Oh and I got new fish... 8/24 so 2 weeks ago...

the 5 zebra and the 1 rainbow shark....

the one zebra is GONE! Poof!

I did a water change today...and used the gravel vac. The LAST time I did it was probably when I got the new fish.


----------



## Twistersmom (Dec 9, 2008)

20 ppm nitrates is fine. Anything under 40 ppm is considered safe for most fish.

Wonder if the shark or catfish ate the danio? Or, it could have died and the pleco ate it.

I have found the heat/salt treatment to work well for me to rid the tank of ick. I would bump up the water changes during the treatment. Water changes will help remove some of the free swimming ick. You will just have to remember to replace the salt that was removed from the water change. Table salt is fine to use, so don't waist your money on fancy salt.

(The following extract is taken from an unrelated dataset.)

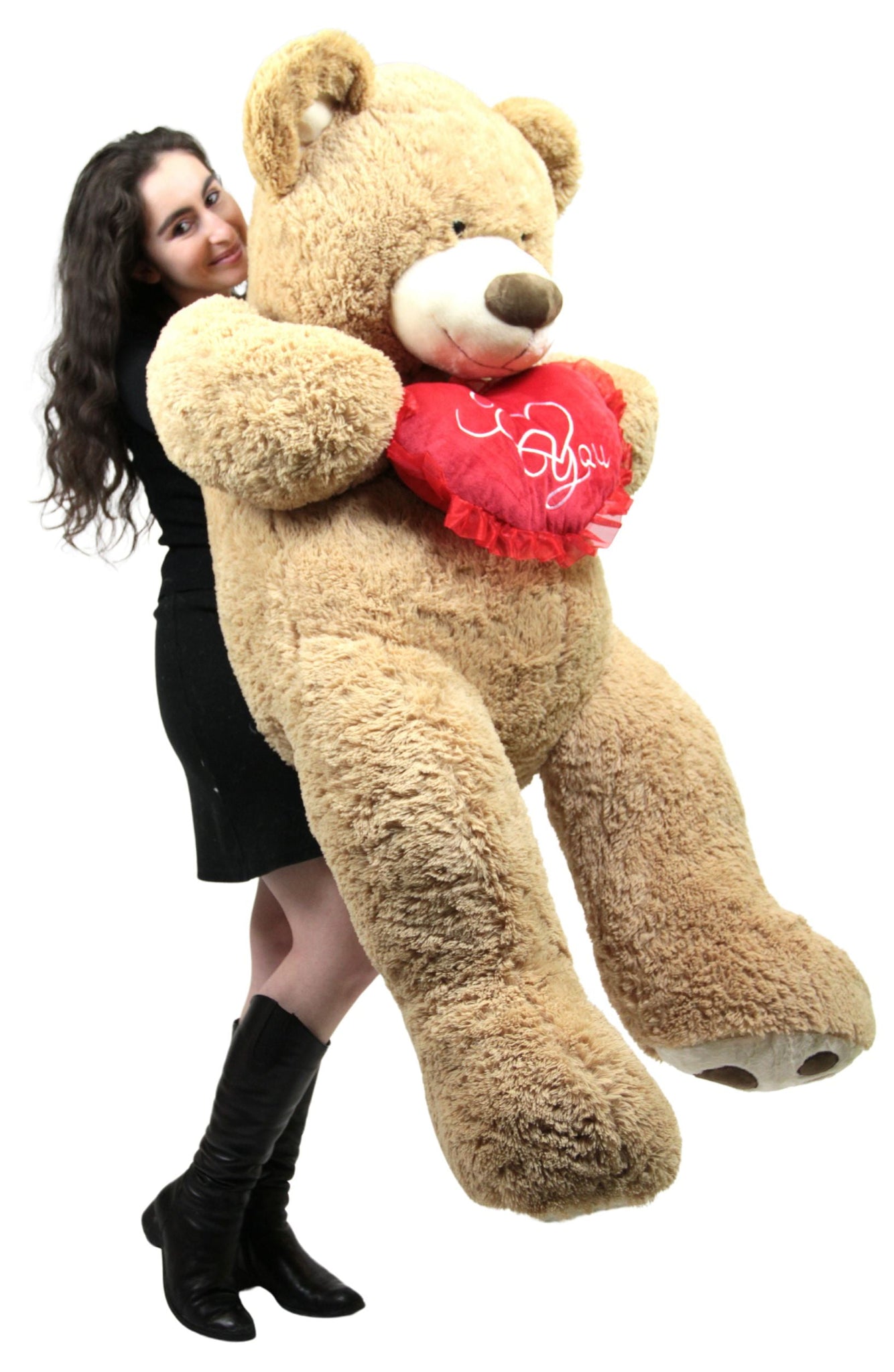 This Big Plush giant teddy bear provides a creative way to express love and affection, making it a heartwarming gift for Valentine's Day or any special occasion. Standing an impressive 60" tall, this big teddy bear 5 feet is generously stuffed with soft polyester, making it plush and huggable. Holding a big red heart pillow embroidered with "I LOVE YOU," the valentine teddy bear is sure to impress and delight. With its classic design, friendly expression, and adorable big-paw imprints, this giant teddy bear brings warmth and charm to any setting. More than just a cuddly companion, this stuffed bear is large enough to double as a cozy pillow or even a makeshift bed. Whether you're looking for a romantic surprise or a lovable plush friend, this gift is sure to make a lasting impression. Shipped in a huge box for an unforgettable unboxing experience, these giant plush stuffed animals provide an innovative way of sending a big, lovable hug to someone special.

If you have any question, be sure to ask.


----------



## spammyann (Mar 12, 2009)

i assume he died and got eatten.... all my fish are pretty small..the biggest is the pleco


----------



## spammyann (Mar 12, 2009)

ok well im reading up all the cures for this ick stuff...*darn u spongebob!*

I do not have a heater for my tank...I live in florida and it's always 73-78 degrees in my house.

So...To cure this ick crap..my plan...

Water changes as often as possible (daily if possible)...

1 tbspoon of salt per 25 gallons...with each water change.(removing the carbon filter)

Hope to buy a heater for my tank tonight so i can raise the temp...1 degree per day.

Continue for 2 weeks.......probably will go slower on the salt though...let me know what you think?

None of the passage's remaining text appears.